Emergency response in Lagos may soon come to a halt following a fresh altercation between the Lagos State Emergency Management Agency Response Unit’s workers and a contracting company, Avantgarde Management Services, which the state government outsourced emergency response to.
The workers, who first made their grievances known two months ago, said after intervention by the Lagos State Government,the company reneged and owed them five months’ salaries.
Some workers of the LRU had threatened to down tools over the five-month salary arrears, while a large number of them had reportedly stopped reporting for work.
The Punch gathered that the number of agents at the LRU call centre had been depleted, while calls to the 112/767 emergency numbers were now rarely picked because of the crisis in the LRU.
The correspondent learnt that after the workers’ protest in August at the LASEMA office at the state secretariat complex, Alausa, and the state House of Assembly, the company paid two months’ salaries to the workers out of the five months owed.

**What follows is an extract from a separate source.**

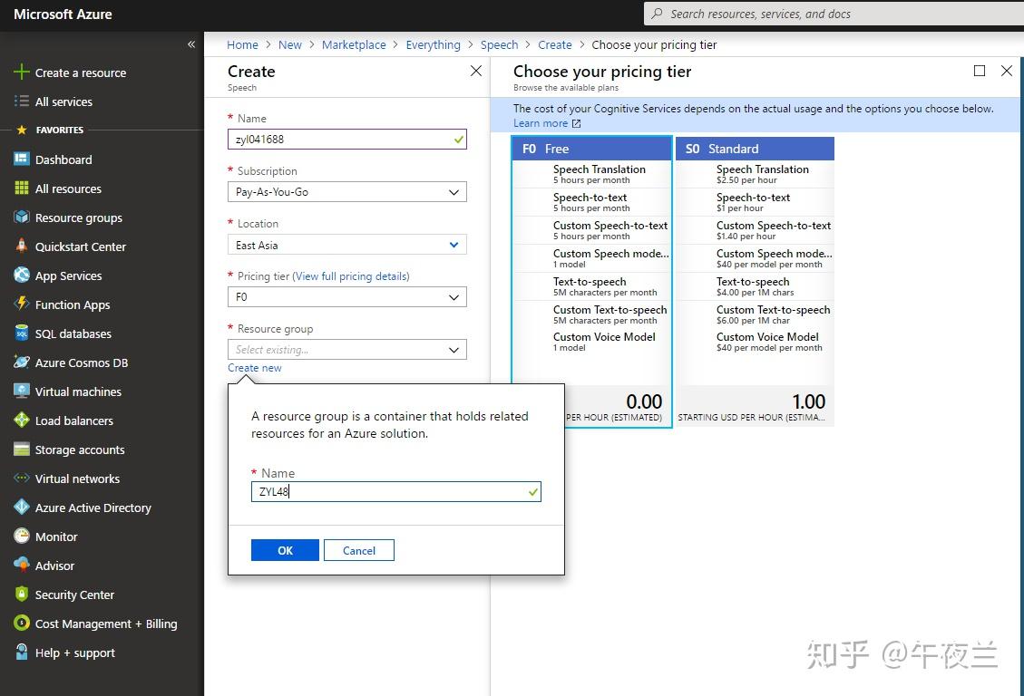 微软的TTS语音服务需要部署在他家的云平台 Azure上(孤陋寡闻了,第一次听说微软家还有这个),因此需要创建一个帐号,另外要准备一张能支付美元的信用卡,新注册的用户会赠送 $200 (别做梦了,不是真的钱啦,只能在Azure上买服务,并且有效期只有30天,所以音频没有准备好之前不要轻易开账户,我开了账户后过了一个多月才开始使用,当初送的200刀就木有了T_T)。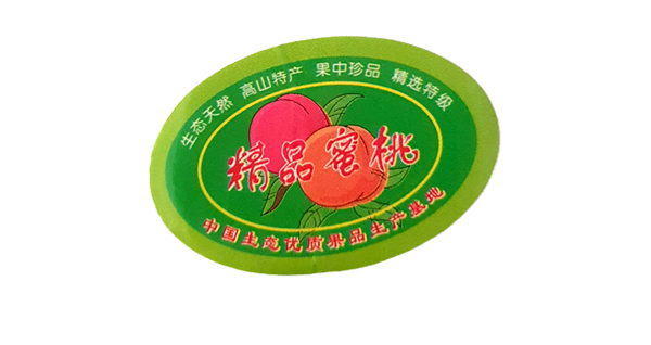 This fruit sticker has traditional Chinese characters and illustrations. The bright pink and orange peaches stand out on the green label. Did you managed to spot the 3 ovals in this fruit sticker?

One of the workers of the LRU, who spoke on condition of anonymity, said after the payment of the two months’ salary, the company failed to pay the rest, adding that it owed the workers a cumulative of five months’ salaries.

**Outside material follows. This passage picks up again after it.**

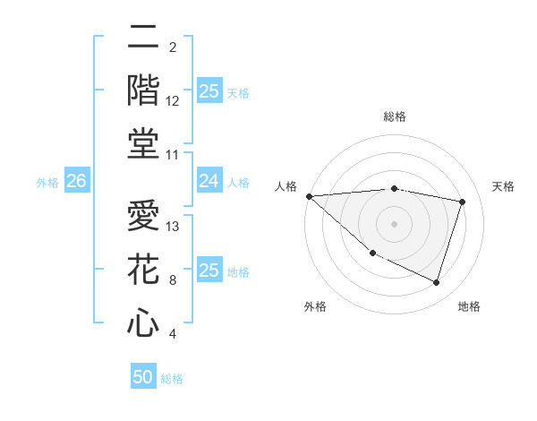 二階堂 愛花心さんを姓名の画数から五運を鑑定

He added that the workers’ pension and health insurance were also stopped.
His words: “Our protest then was to appeal to the state government to pay the company so that we could be paid, but unfortunately for us, by the time the state government paid the company, it failed to pay the workers, but used the money to offset its bank loans and run other organisations.

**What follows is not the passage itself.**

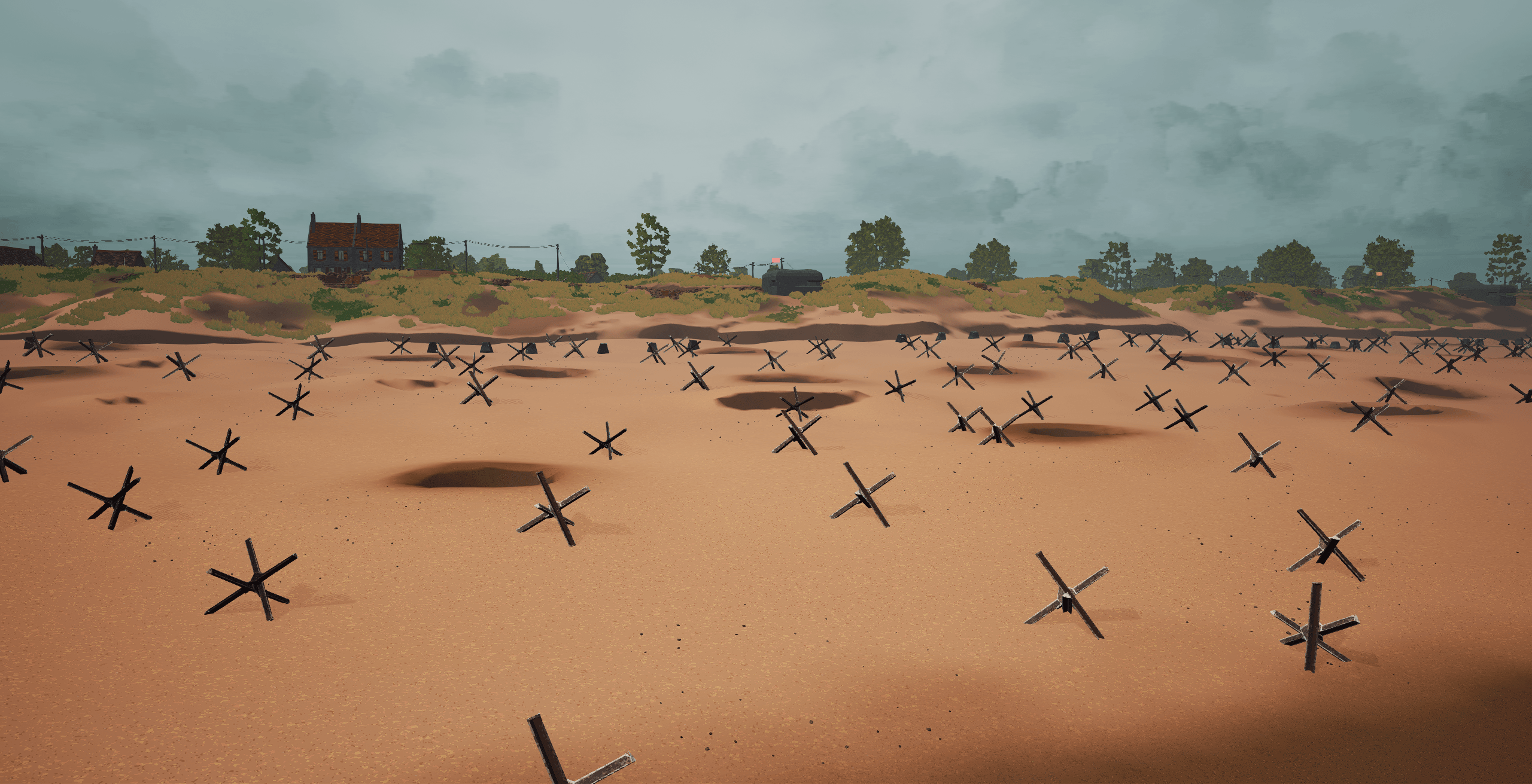 Our level design team made quick work of this map in just a few short weeks following the reveal announcement, creating new foliage and tree assets, new modular building pieces/sets, new bunker assets, new lighting work, and more. There is still a lot more work to be done with this map, however basic functionality is there and the map is fully playable and coming together nicely (although at the moment we are testing with US vs Germans since we are still working on the Japanese faction! More WIP images of this can be found below, we hope to have the proper faction in very soon).

“The company paid two months’ salaries, leaving a backlog of three months and now they have refused to pay another two months, making five months that we are being owed and the state government is not owing them.
“Apart from the salary, the staff HMO arraignment was stopped since February and the pension payment for over one year and staff taxes have not been remitted.
“It is so bad now that despite the fact that the state government pays the firm monthly to keep the emergency unit going, the company has subjected the staff to collecting N1,000 or N2,000 per operation each time we go out. We called the management to talk to us to know what is happening to our salaries but they kept giving us excuses. If this should continue, the LRU can never be what it used to be or improved.”
Another worker accused the new Director General of LASEMA, Femi Oke-Osanyintolu, of indulging the company’s negligence.
He said: “Towards the end of December 2018, the company said there was going to be a reduction in salary and a letter was given to us to sign to the effect of 16 per cent reduction in our salary and that this would enable it to pay as and when due.
“When we were not paid, we staged a protest at the State House and the Office of Civic Engagement called us and we held a meeting with the officials; it was in the meeting that we got to know that the state government only owed the company for two months, whereas the firm owed us five months.
“In September, we got information that the state government had paid the firm and the money was supposed to be used to pay the backlog of salaries but surprisingly, it paid only two months and the money didn’t even go round because some workers in some departments were not paid. As we speak now, we are being owed five months; we have had several meetings with the DG of LASEMA, but the truth is that he is indulging the company.”